All that is needed is the line containing "4月26日上午,广东海事局船" and the lines after it to the end of the material, written out exactly, pictures left aside.
-------------------------
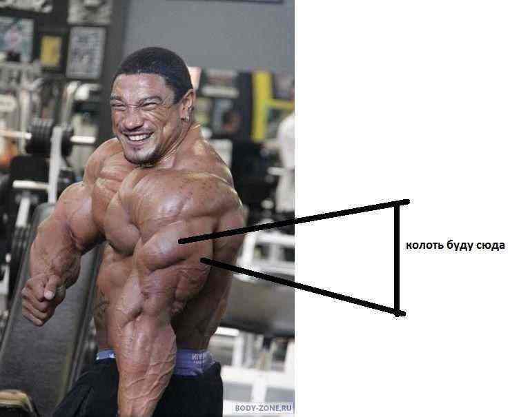 Ставить буду в трицепс, по 2 инъекции в каждую руку: одну в латеральный, а вторую в длинный пучок. Всего получается 4 инъекции.
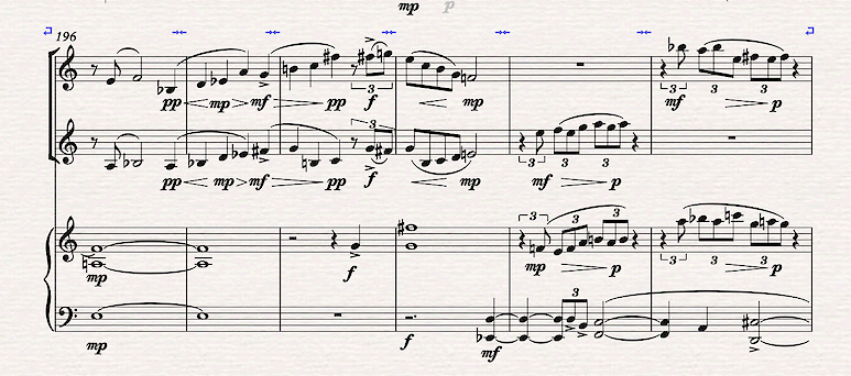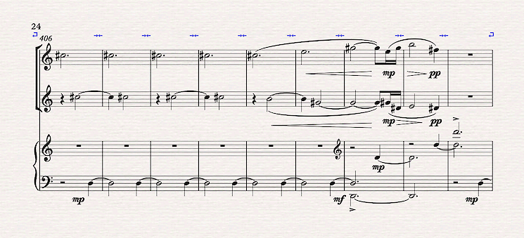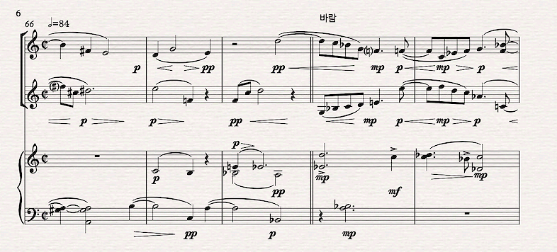 The poem by Mah Jonggi provided the image of wind and things shimmering in the wind -- rippling leaves and water. I was in Korea in 2010 (?) for Hyo Kang's Great Mountains Music Festival, where I got to know Korea & Koreans a bit, but I will not claim that I understand Korea. I'm grateful for the opportunity to think from the far away place, Korea, where the ideological battles that confuse and distract us in New York feel abstract, remote and possibly irrelevant. The project, as Veritas framed it, brought me to a planetary musical perspective. The postwar US was the naturual center of a planetary musical perspective, especially when great European composers took refuge in the US. Hindemith, Stravinsky, Schoenberg, Krenek and Wolpe, in various interesting ways, changed perspective when they crossed the Atlantic. The example that is most poignant here is when the supranational composer Igor Stravinsky championed Isang Yun.
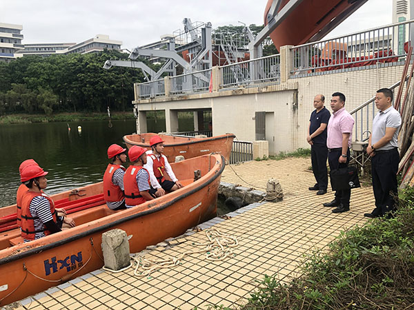 4月26日上午,广东海事局船员处郑永炳副处长、湛江海事局船员处处长邓平贵等一行到湖光校区现场调研米高梅参加中国船员技能大比武备赛情况。米高梅
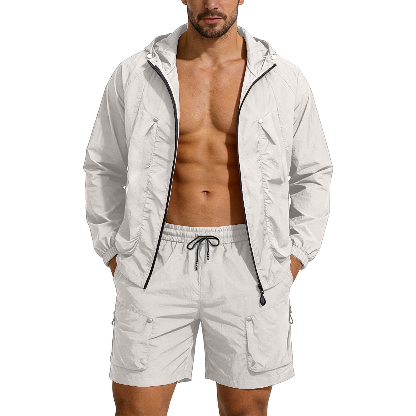 Amzcrzy Mens Summer Outfits Solid Color Hooded Zip Up Two Piece Sets ...
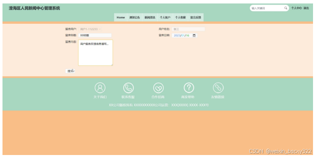 留言反馈,在此界面输入标题,详细留言内容以提交留言反馈信息,通过个人中心进入后台查看留言反馈的回复信息,如图5-15,5-16所示。
-------------------------
Answer below -
 4月26日上午,广东海事局船员处郑永炳副处长、湛江海事局船员处处长邓平贵等一行到湖光校区现场调研米高梅参加中国船员技能大比武备赛情况。米高梅
 Amzcrzy Mens Summer Outfits Solid Color Hooded Zip Up Two Piece Sets ...
 留言反馈,在此界面输入标题,详细留言内容以提交留言反馈信息,通过个人中心进入后台查看留言反馈的回复信息,如图5-15,5-16所示。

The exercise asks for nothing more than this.